An Bord Pleanála initially granted Cairn permission for a €338 million 614-unit scheme across nine apartment blocks, ranging from four to 10 storeys in height.

However, in 2021, the board consented to a High Court order quashing its permission on foot of complaints by three local residents, including Pat Desmond, wife of financier Dermot Desmond, who objected to the scale of the scheme.

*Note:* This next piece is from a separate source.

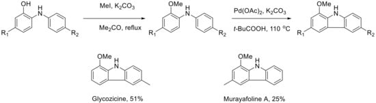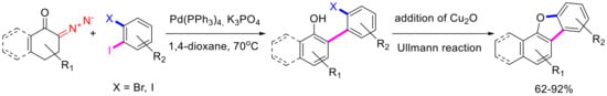 - Zhao, H.; Yang, K.; Zheng, H.; Ding, R.; Yin, F.; Wang, N.; Li, Y.; Cheng, B.; Wang, H.; Zhai, H. A One-Pot Synthesis of Dibenzofurans from 6-Diazo-2-Cyclohexenones. Org. Lett. 2015, 17, 5744–5747. [Google Scholar] [CrossRef] [PubMed]

Mr Desmond, a vocal opponent of the scheme, had described the proposal as “Ballymun Towers South Dublin” in a letter to Dublin city councillors.

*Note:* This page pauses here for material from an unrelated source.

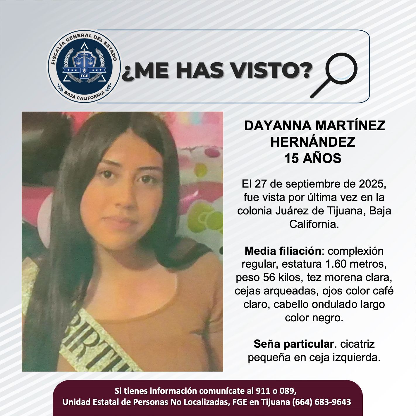 TIJUANA, Baja California, 02 de octubre del 2025.- La Fiscalía General del Estado (FGE) solicita el apoyo de la ciudadanía para localizar a Dayanna Martínez Hernández de 15 años de edad.

Cairn submitted an application in October this year for an even larger scheme, looking to build 688 apartments comprising 416 build-to-rent apartments and 272 build-to-sell units, a 192-bedroom hotel, 17 “age-friendly living” units and a creche facility, among other amenities across 10 blocks.

The revised application came more than five months after Dublin City Council provided Cairn with a detailed formal opinion following statutory pre-application discussions on the firm’s proposal under the new Large Scale Residential Development system.

Dermot Desmond, a vocal opponent of the scheme, had described the proposal as “Ballymun Towers South Dublin” in a letter to Dublin city councillors

The local authority has now granted permission for the development, which will see Cairn demolish the former RTÉ sports and social club and structures attached to the former Fair City set.

However, planners said that the permission was subject to a number of conditions. Cairn is required to pay a €9.9 million development contribution to the authority “in respect of the public infrastructure and facilities benefiting” the development in the area.

“The contribution is payable on commencement of development”, according to the text of the decision, published on Thursday. The developer is required to lodge a cash deposit or a bond of an insurance company or bank prior to commencement.

Other conditions attached to the permission include the addition of privacy screens for the balconies of a number of the blocks and that the balcony railings be replaced with “obscure glass panels”.

Cairn will also have to commission and a install a public artwork for an open space within the development “in the interest of enhancing and animating the public domain”, planners said.

Site works may only be carried out during the week between 7am and 6pm, and on Saturdays between 8pm and 2pm. No activity is allowed on site on Sundays or public holidays, the authority decided, “in order to safeguard the amenities of adjoining residential occupiers”.

The decision is likely to be appealed.

Local residents had objected to the original nine-block scheme, arguing that the scale and density was far in excess of what is permitted under the Dublin City Development Plan, would overlook and overshadow their homes and be “totally out of keeping” with an area consisting of low-rise Victorian or Edwardian-type houses.